後悔自己在秀峰山下,展露了太多不該屬於一個深閨貴女的本事。
可當時母親命懸一線,她哪裡還顧得上那麼多?
如今想來,紀凌的懷疑再正常不過。
將門之女懂些拳腳功夫,尚在情理之中。
可那熟練的清創包紮手法,尤其是對北狄狼牙箭毒性的瞭解,對箭矢倒鉤的處理方式……
無論如何都不該是她應該知曉的。
心念電轉,姜冰凝面上不見半分波瀾。
她抬起頭神色坦然。
“回殿下,家父治家甚嚴。”
她的聲音聽不出絲毫心虛。
“父親常說,邊境之地,不比京城安穩,危機四伏。”
“是以我與兄長、妹妹幼時,父親便請了軍中退下的老卒,教導我們一些防身之術與戰場急救之法。

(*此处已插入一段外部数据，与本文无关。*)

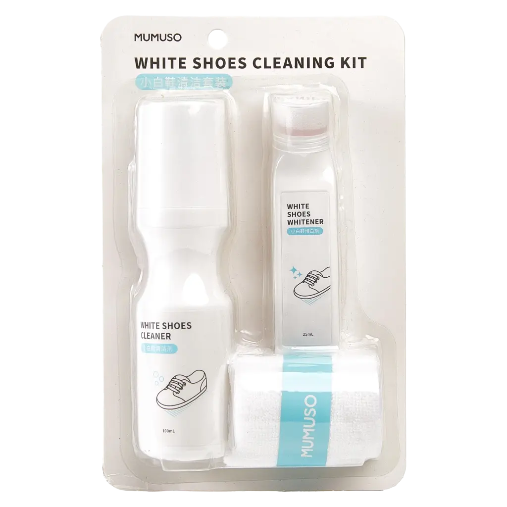 - Schuhreinigungskit für weiße Schuhe, Set mit Reiniger, Weißmacher und Mikrofaserhandtuch (Weiß)
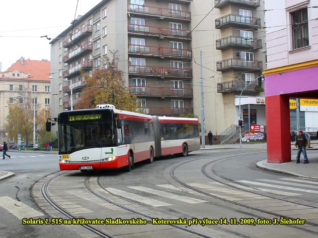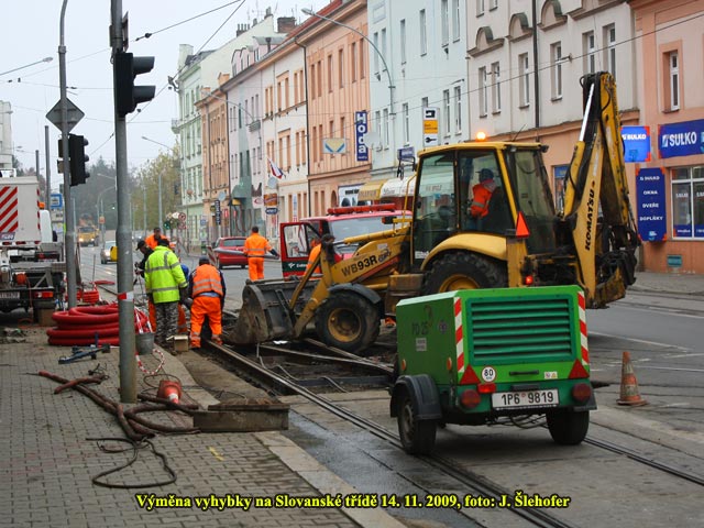 Přestup z tramvaje na autobus náhradní dopravy U Zvonu 14. 11. 2009 Autobus náhradní dopravy v zastávce Anglické nábřeží 14. 11. 2009 Solaris č. 515 při výluce na kříživatce Koterovská - Sladkovského 14. 11. 2009 Výměna vyhybky do Sladkovského ulice 14. 11. 2009
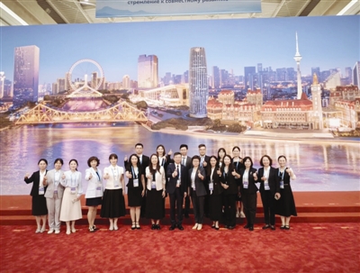 在梅江会展中心,翻译团队作为晚宴和非遗展示区的沟通纽带,为各国贵宾搭建交流平台,为讲好中国故事、天津故事、非遗故事贡献了天外力量。负责非物质文化遗产性项目讲解的尹佳和马涛两位老师都说:“在讲解和服务的过程中,我们要随时应答各国贵宾提出的各种问题,还要协调和满足他们的一些小需求。同时,在介绍产品时要考虑到不同的文化和生活差异,用最准确又最能让他们快速了解的表达进行讲解。作为翻译人员,不仅是信息的传递者,也是沟通者、协调者。”
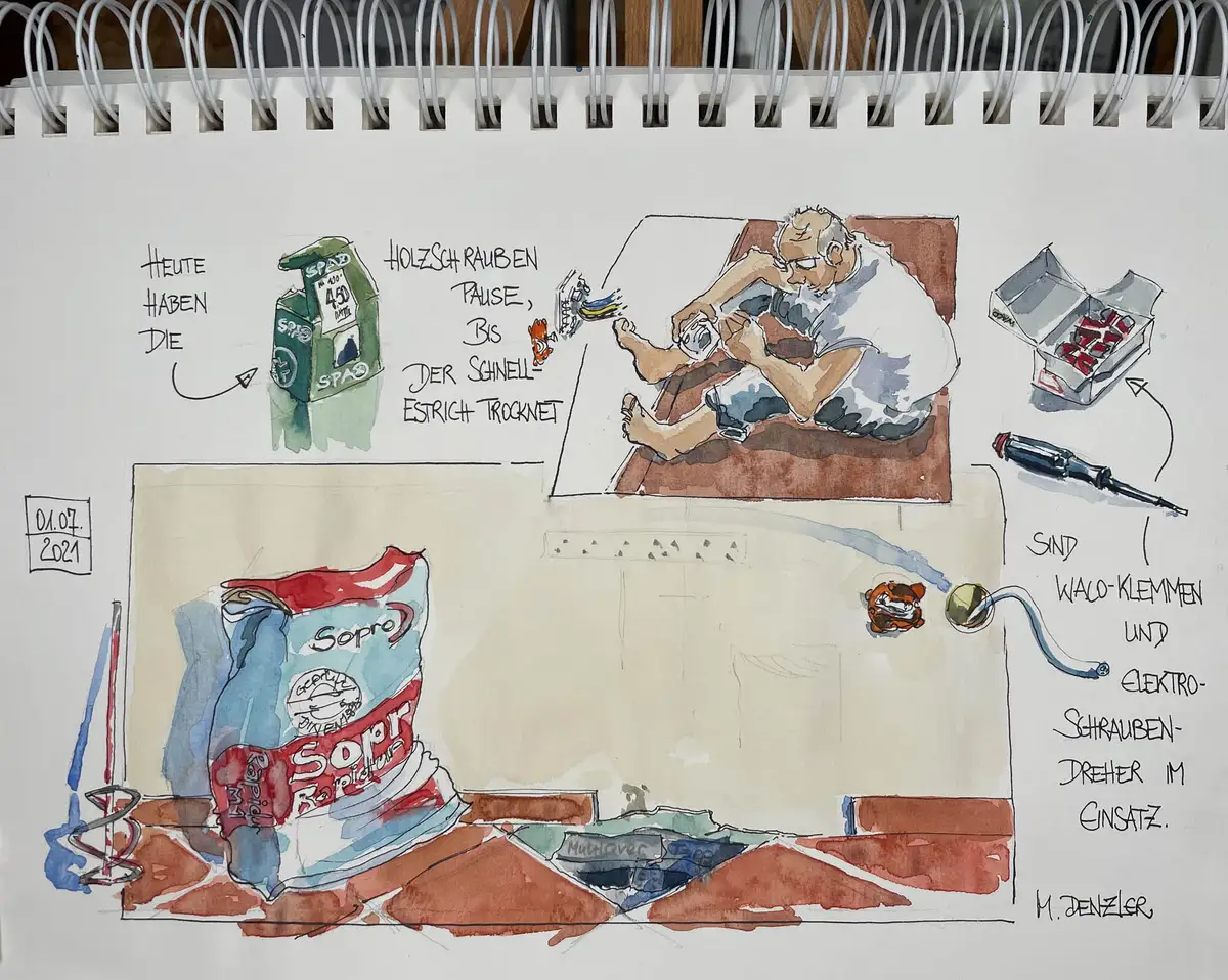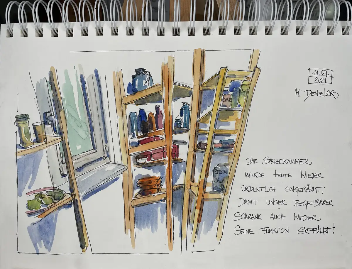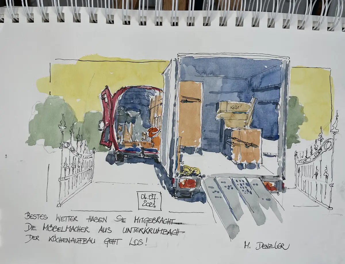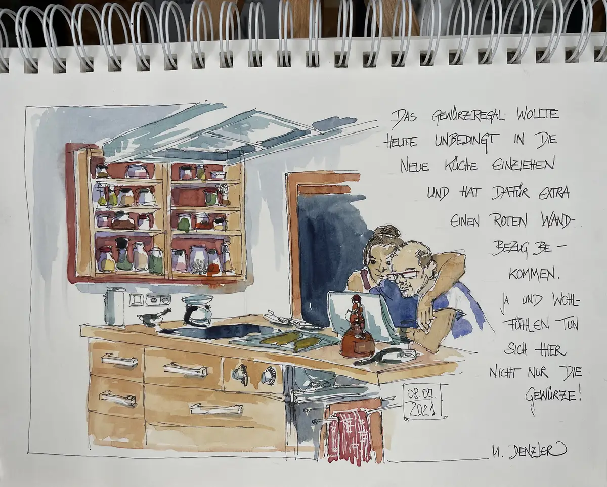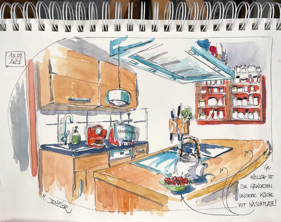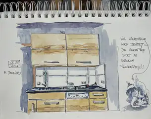 Nein, es geht nicht um die Palim-Palim-Sketche von Herrn Hallervorden oder Monty Python, sondern – wörtlich übersetzt – um „Skizzen“ vom Küchenumbau unserer Kundin Manuela Keller-Denzler. Die Künstlerin und Bauzeichnerin erledigt auch Auftragszeichnungen, was in Kürze wohl zu einer Staffelei in unserer Werkstatt führen wird. Früher sagte man zu schnellen Zeichnungen noch Skribbels, heute hat sich „Sketch“ durchgesetzt. Manuela Denzler ist Spezialistin für ganz viele Techniken, aber aktuell ist der colorierte und vor allem liebevoll beschriftete Sketch ihre Leidenschaft. Wir freuen uns, sie hier für Sie veröffentlichen zu dürfen (mit einem Klick auf die Bilder können sie sie vergrößern.)
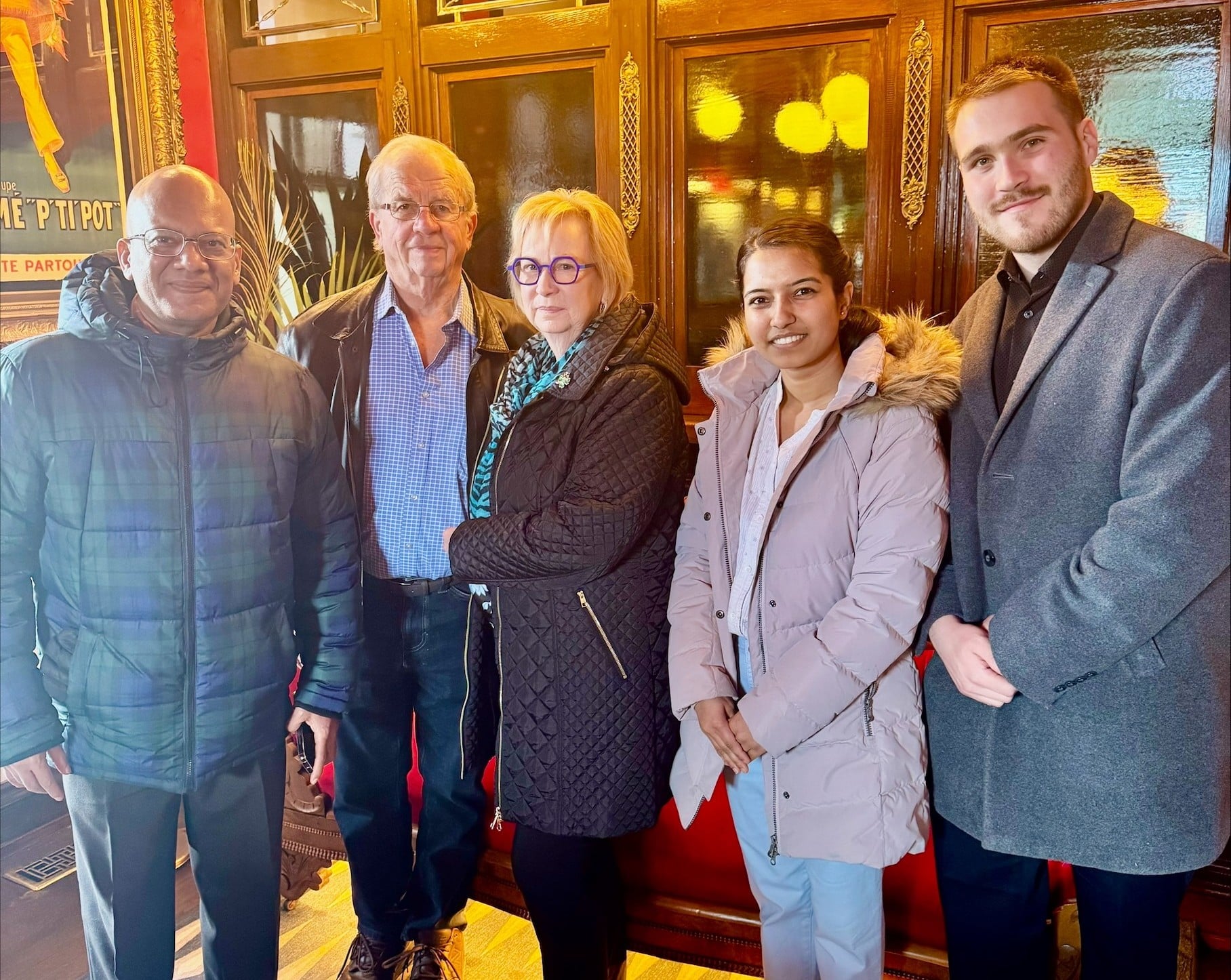 De gauche à droite : Thomas Netticadan, chercheur, Frank et Jeanne Plett, donateurs Sunita Karki, étudiante à la maîtrise, et Sandrius Mirochkinov, étudiant de premier cycle et autre bénéficiaire d’une bourse de stagiaire de recherche du fonds Frank et Jeanne Plett.
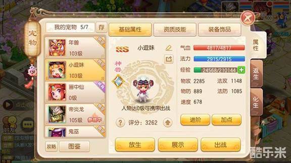 属性界面,可以进行宠物加点、进阶、放生、展示、出战、炼骨、学习技能、装备饰品、查看图鉴等操作。
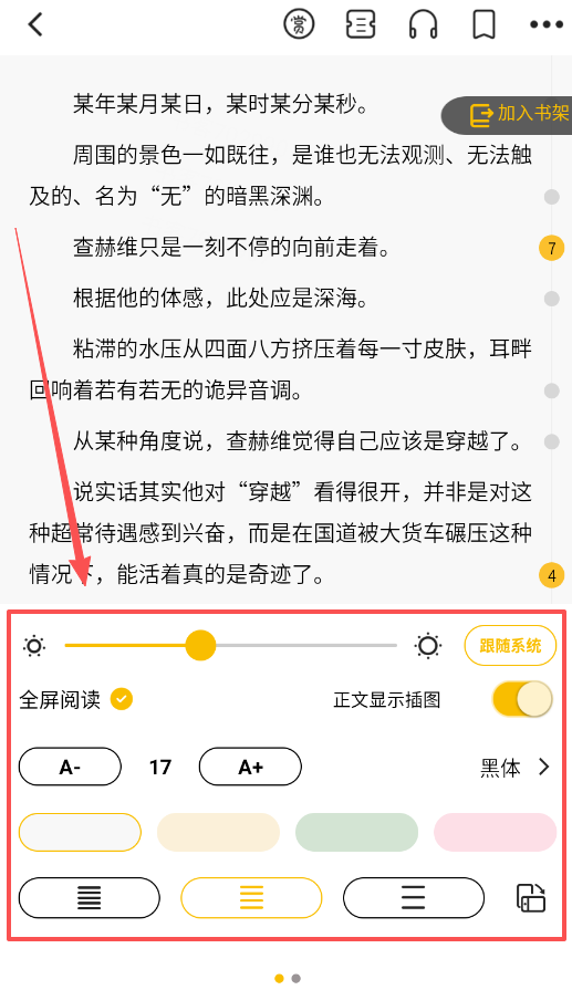 4、阅读设置选项允许用户自由调整界面背景和字体样式,打造最符合个人喜好的阅读环境,让您畅享无阻阅读乐趣。
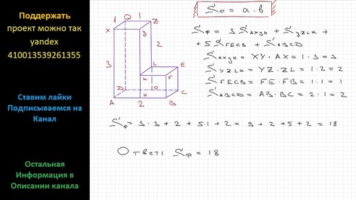 Геометрия Найдите площадь поверхности многогранника (все двугранные углы прямые).
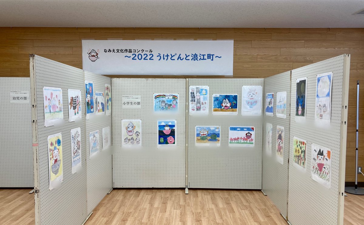 【うけどんの作品がいっぱ~い✨】ふれあい交流センターでね、なみえ文化作品コンクールの作品が展示されてるのっ!コンクールの...
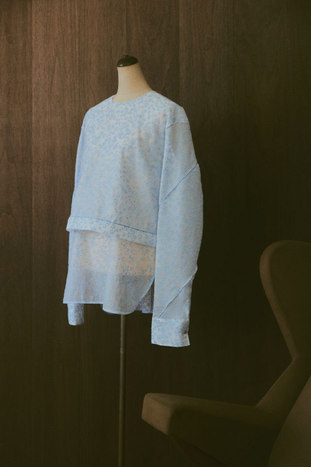 袖を通す人が内面から輝けるよう、本質的な価値を追求した服づくりを真摯に行う東京発のブランドです。過去のアーカイブから好評だったフラワープリントのブラウスを、今回特別に「阪急うめだ本店」限定カラーのブルーで復刻。
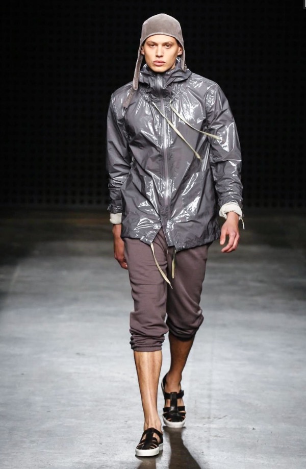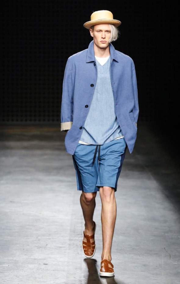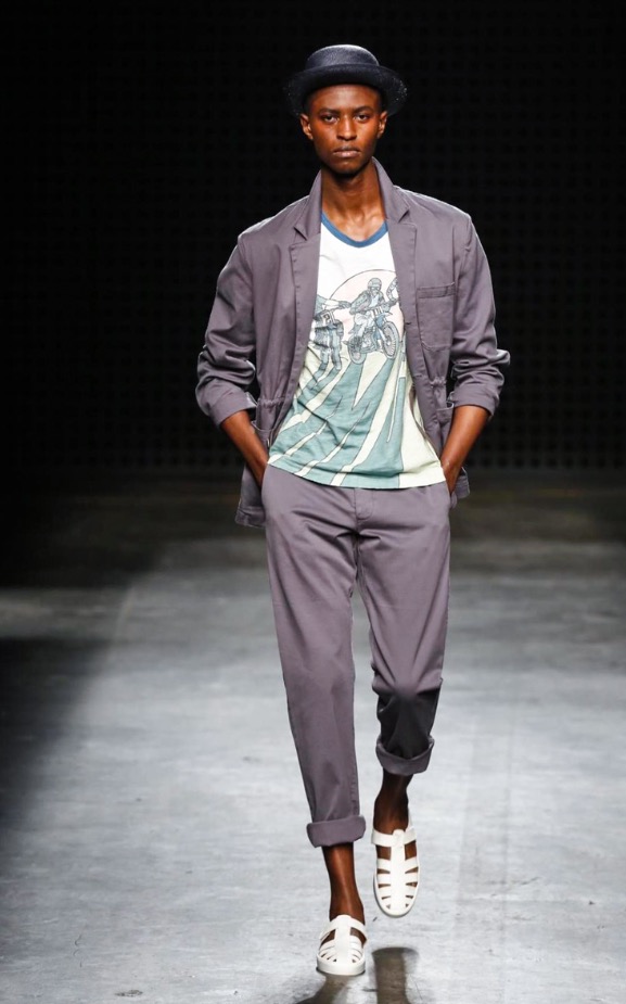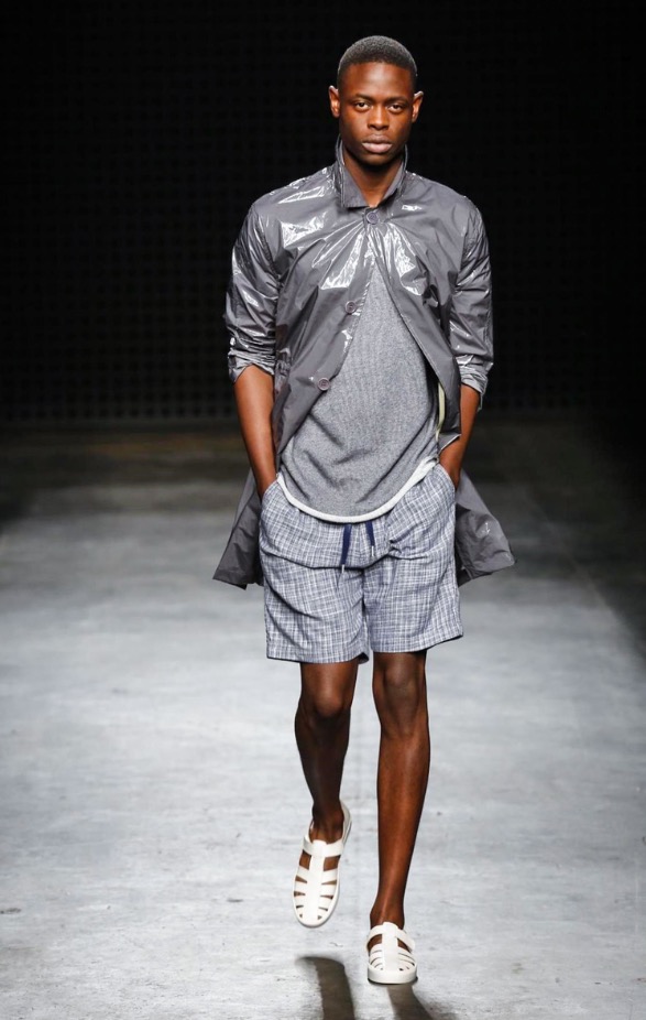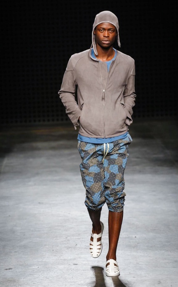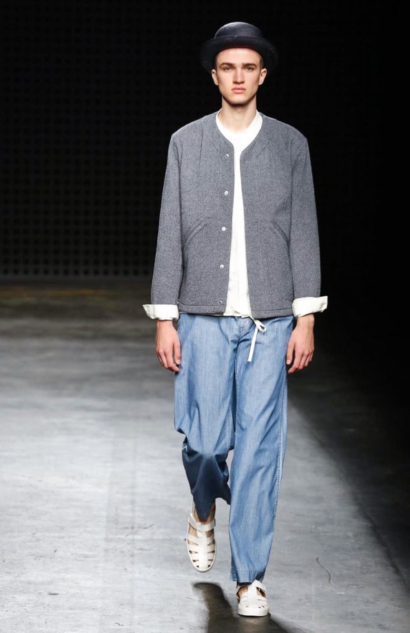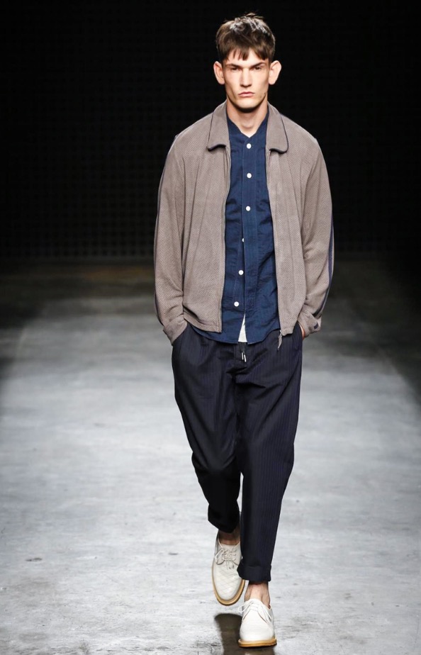 So there were low-slung boiler suits, broadly-cut trousers and trailing shirts, blended with supple suede jackets and easy athletic shorts. After last season’s harsh bursts of yellow, the palette was pared back to bleached neutrals and soft greys, echoing the gentle silhouettes of the garments themselves. It seems trite to throw the word “wearable” at YMC’s garments; realistic and comfortingly familiar, yes – but their approach was no less authentic for that.
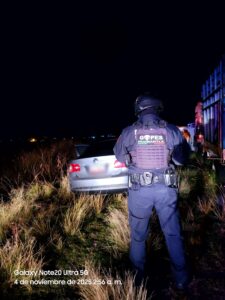 Huamantla, Tlax.; 5 de noviembre de 2025.- Elementos de la Dirección de Seguridad Pública, Tránsito y Protección Civil Municipal de Huamantla aseguraron un vehículo presuntamente relacionado con el robo con violencia a un establecimiento comercial en la zona centro, además de recuperar mercancía consistente en cajas de medicamentos.
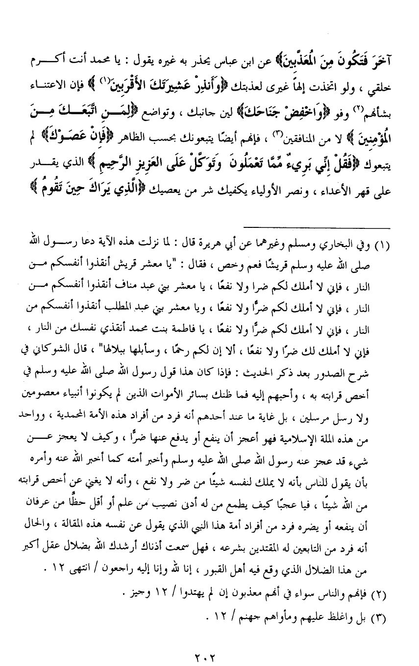 آخَرَ فَتَكُونَ مِنَ الْمُعَذَّبِينَ) عن ابن عباس يحذر به غيره يقول: يا محمد أنت أكرم خلقي، ولو اتخذت إلهًا غيري لعذبتك (وَأَنذِرْ عَشِيرَتَكَ الأَقْرَبِينَ) فإن الاعتناء بشأنهم [أهم] (1) (وَاخْفِضْ جَنَاحَكَ) لين جانبك، وتواضع (لِمَنِ اتَّبَعَكَ مِنَ الْمُؤْمِنِينَ) لا من المنافقين، فإنهم أيضًا يتبعونك بحسب الظاهر (فَإِنْ عَصَوْكَ) لم يتبعوك (فَقُلْ إِنِّي بَرِيءٌ مِمَّا تَعْمَلُونَ وَتَوَكَّلْ عَلَى الْعَزِيزِ الرَّحِيمِ) الذي يقدر على قهر الأعداء، ونصر الأولياء يكفيك شر من يعصيك (الَّذِي يَرَاكَ حِينَ تَقُومُ)

”
“為的不過是萬一遇險,能多一分自保之力罷了。”
這番話說得滴水不漏,合情合理。
紀凌靜靜地聽著,臉上沒什麼表情。
他沒有再追問。
這個女人嘴裡撬不出實話,想要知道真相只能去問姜承軒。
可為人父者,又豈會拆自己女兒的臺?
良久。
他唇角向上勾起,形成一個毫無笑意的弧度。
“是麼。”
玄色的王袍下襬劃過一道弧線,紀凌轉身就走。
“姜姑娘好生歇著。”
話音未落,他的人已經邁出了中堂的門檻。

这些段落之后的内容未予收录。